▶ _EXERCISE GOAL_
For each entry below, please return its exact wording and leave out any picture.

- Opening Delimiter -

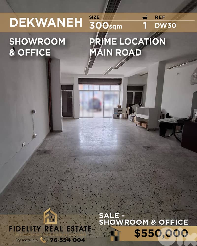 A 200 SQM Showroom and 100 SQM Office for Sale in Dekwaneh DW30
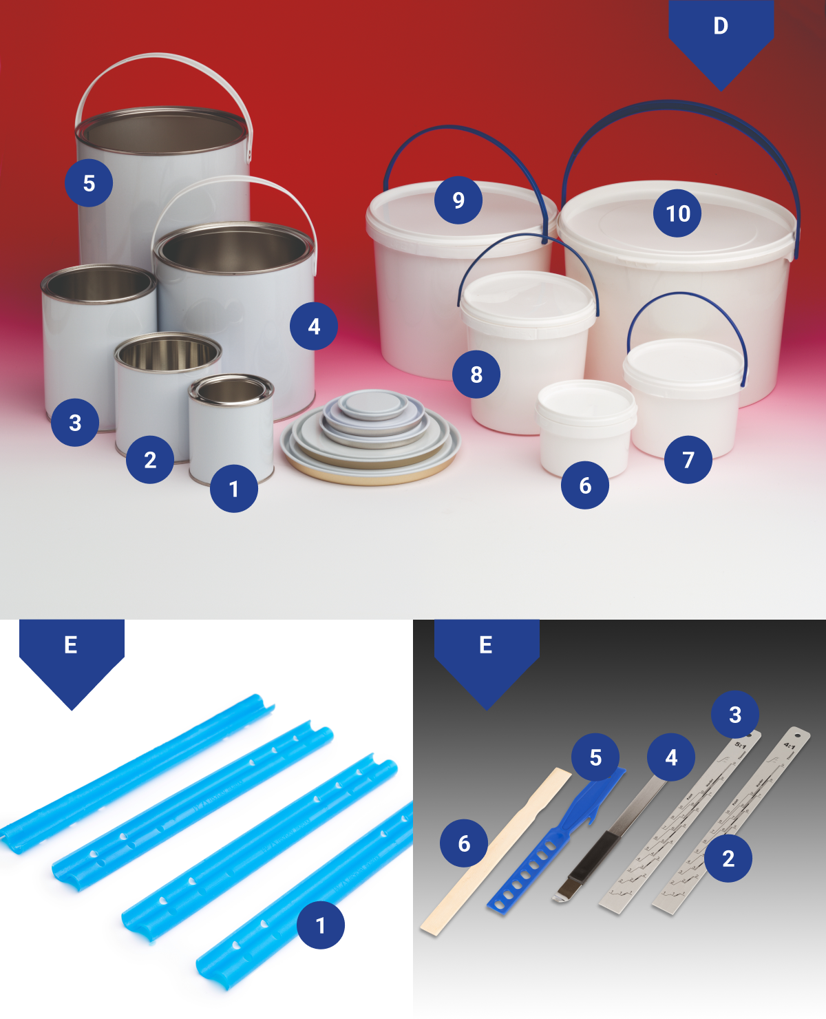 Eine Auswahl an Lackeimern aus Polypropylen für Wasserlack und Blechdosen für lösungsmittelhaltiges Lack - viele Größe verfügbar. Rührstäbe aus Holz, Polypropylen oder Metall mit Skala. Wir können alle Lackvermischungsbedürfnisse gerecht werden.
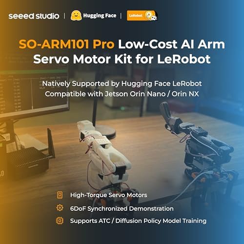 - Optimized AI Arm Kit for LeRobot & Hugging Face Projects – The SO-ARM101 is an upgraded low-cost robotic arm servo motor kit designed for AI robotics enthusiasts and developers. Fully compatible with LeRobot and Hugging Face frameworks, it supports imitation learning and reinforcement learning, making it ideal for real-world robotics applications. (3D-printed parts not included.)
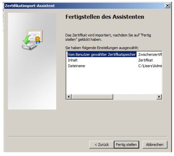 Beenden Sie mit einem Klick auf „Fertig stellen“ die Einspielung eines Zwischenzertifikates.
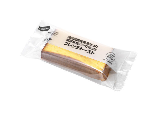 「バターなんていらないかも、と思わず声に出したくなるほど濃厚な食パン」の味わいを活かすため、通常より多めの牛乳を配合し、加糖卵黄を入れてコクを出したフレンチ液に漬けてトーストしました。冷凍でもご購入いただけるため、温めて手軽にフレンチトーストをお楽しみいただけます。電子レンジで加熱していただき、フライパンで表面がカリッとする程度に軽くトーストしていただくのがおすすめです。またお好みで、別売りの「メープル風シロップ」(40円)をフレンチトーストにかけてお召し上がりいただけます。
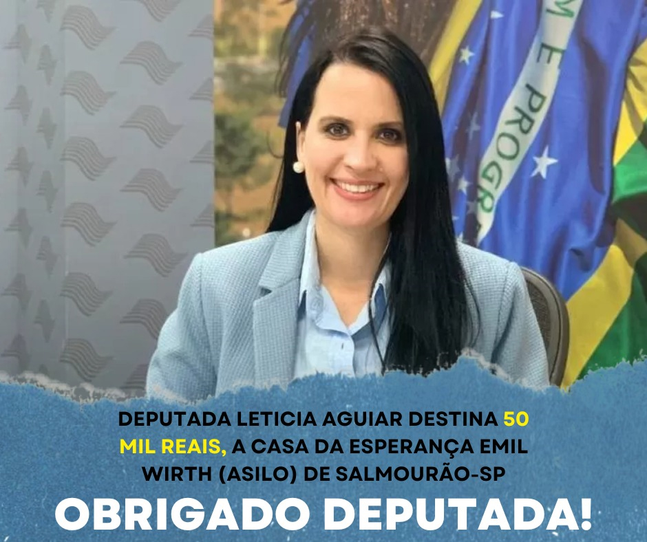 O vereador João Leme através das redes sociais, informou que na última semana através de um trabalho da deputada estadual Leticia Aguiar, foi destinada uma verba para a Casa da Esperança Emil Wirth (Asilo) de Salmourão.

- Closing Delimiter -

▶ _RESULT BELOW_
 A 200 SQM Showroom and 100 SQM Office for Sale in Dekwaneh DW30
 Eine Auswahl an Lackeimern aus Polypropylen für Wasserlack und Blechdosen für lösungsmittelhaltiges Lack - viele Größe verfügbar. Rührstäbe aus Holz, Polypropylen oder Metall mit Skala. Wir können alle Lackvermischungsbedürfnisse gerecht werden.
 - Optimized AI Arm Kit for LeRobot & Hugging Face Projects – The SO-ARM101 is an upgraded low-cost robotic arm servo motor kit designed for AI robotics enthusiasts and developers. Fully compatible with LeRobot and Hugging Face frameworks, it supports imitation learning and reinforcement learning, making it ideal for real-world robotics applications. (3D-printed parts not included.)
 Beenden Sie mit einem Klick auf „Fertig stellen“ die Einspielung eines Zwischenzertifikates.
 「バターなんていらないかも、と思わず声に出したくなるほど濃厚な食パン」の味わいを活かすため、通常より多めの牛乳を配合し、加糖卵黄を入れてコクを出したフレンチ液に漬けてトーストしました。冷凍でもご購入いただけるため、温めて手軽にフレンチトーストをお楽しみいただけます。電子レンジで加熱していただき、フライパンで表面がカリッとする程度に軽くトーストしていただくのがおすすめです。またお好みで、別売りの「メープル風シロップ」(40円)をフレンチトーストにかけてお召し上がりいただけます。
 O vereador João Leme através das redes sociais, informou que na última semana através de um trabalho da deputada estadual Leticia Aguiar, foi destinada uma verba para a Casa da Esperança Emil Wirth (Asilo) de Salmourão.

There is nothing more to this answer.